> ABOUT THIS TASK: When the listing below reaches the line that has "Цвет #9CD716 в", start reproducing exactly; stop after the line that has "Шымкент қаласы халықаралық", and drop the pictures.

> DATASET RECORDS:
# # # #

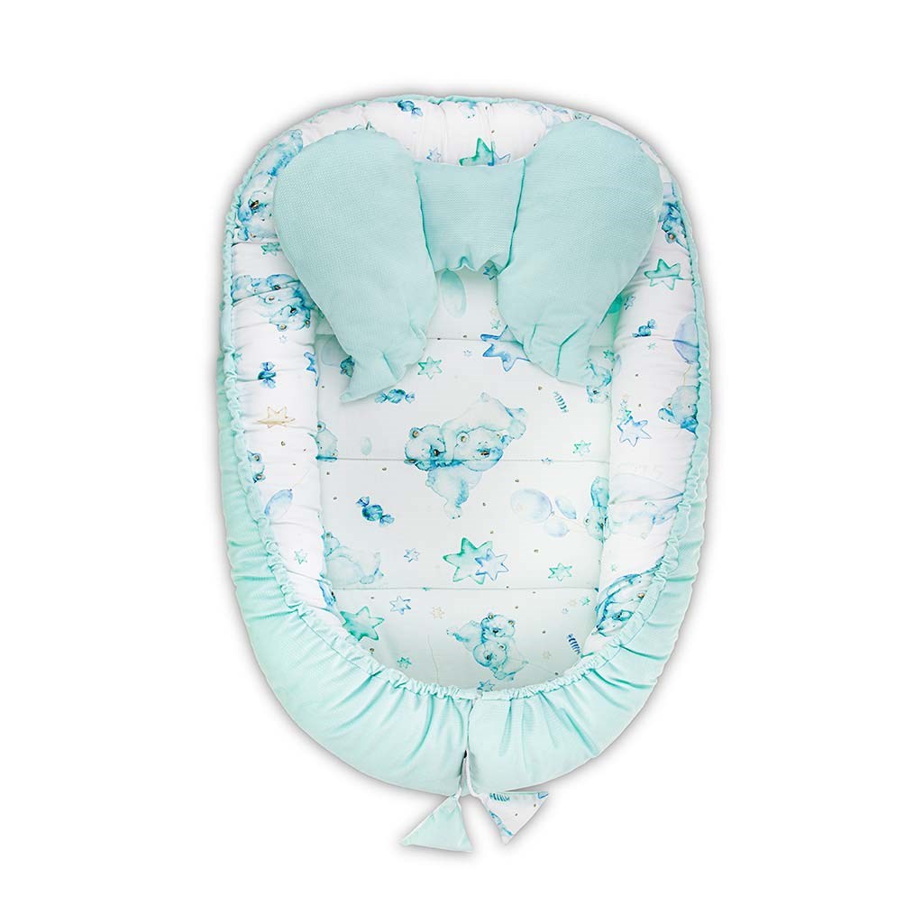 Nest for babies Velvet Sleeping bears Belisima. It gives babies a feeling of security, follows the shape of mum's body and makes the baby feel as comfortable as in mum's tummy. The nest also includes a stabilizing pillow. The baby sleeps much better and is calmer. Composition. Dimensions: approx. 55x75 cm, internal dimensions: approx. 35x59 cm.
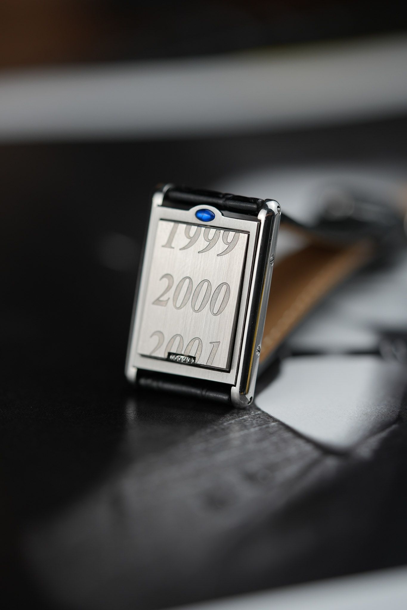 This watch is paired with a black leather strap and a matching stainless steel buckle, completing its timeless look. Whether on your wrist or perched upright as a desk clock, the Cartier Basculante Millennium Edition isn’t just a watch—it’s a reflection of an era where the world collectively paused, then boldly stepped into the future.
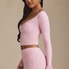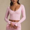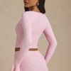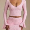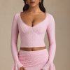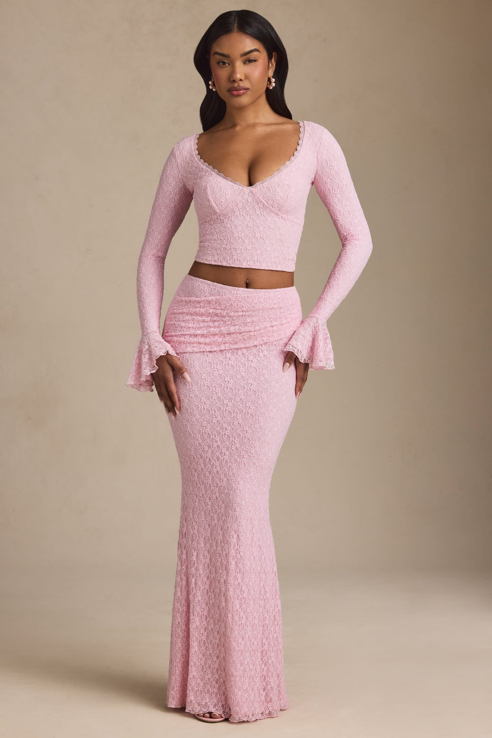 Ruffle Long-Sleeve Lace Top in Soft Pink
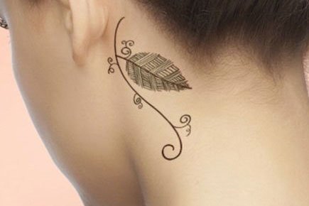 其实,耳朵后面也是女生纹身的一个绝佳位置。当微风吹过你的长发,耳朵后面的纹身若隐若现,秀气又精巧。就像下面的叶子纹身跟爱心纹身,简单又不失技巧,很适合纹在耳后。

# # # #

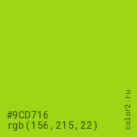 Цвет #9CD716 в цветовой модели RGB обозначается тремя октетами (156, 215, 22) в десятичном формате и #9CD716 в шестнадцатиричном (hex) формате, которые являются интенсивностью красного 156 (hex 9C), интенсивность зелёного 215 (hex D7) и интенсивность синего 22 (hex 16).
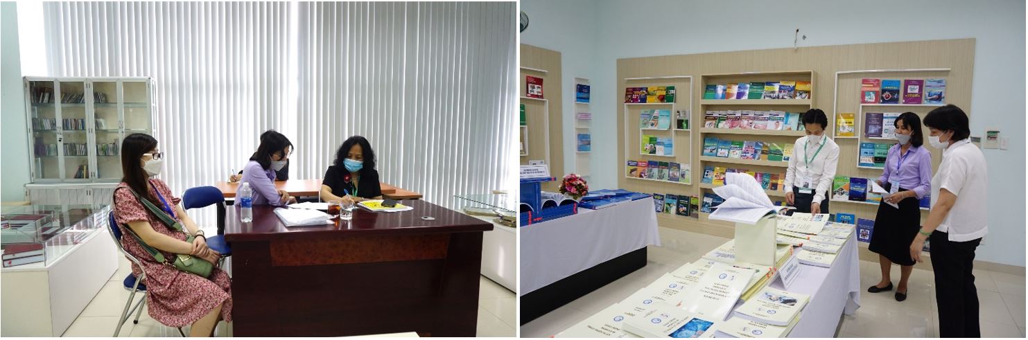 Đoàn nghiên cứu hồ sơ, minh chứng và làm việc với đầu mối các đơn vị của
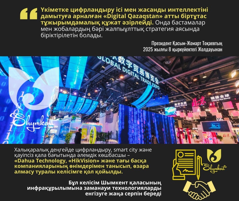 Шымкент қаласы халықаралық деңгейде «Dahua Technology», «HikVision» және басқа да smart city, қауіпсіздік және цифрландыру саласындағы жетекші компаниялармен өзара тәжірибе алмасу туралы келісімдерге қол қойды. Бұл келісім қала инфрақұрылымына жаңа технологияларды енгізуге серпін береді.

# # # #

> COMPLETED TASK:
 Цвет #9CD716 в цветовой модели RGB обозначается тремя октетами (156, 215, 22) в десятичном формате и #9CD716 в шестнадцатиричном (hex) формате, которые являются интенсивностью красного 156 (hex 9C), интенсивность зелёного 215 (hex D7) и интенсивность синего 22 (hex 16).
 Đoàn nghiên cứu hồ sơ, minh chứng và làm việc với đầu mối các đơn vị của
 Шымкент қаласы халықаралық деңгейде «Dahua Technology», «HikVision» және басқа да smart city, қауіпсіздік және цифрландыру саласындағы жетекші компаниялармен өзара тәжірибе алмасу туралы келісімдерге қол қойды. Бұл келісім қала инфрақұрылымына жаңа технологияларды енгізуге серпін береді.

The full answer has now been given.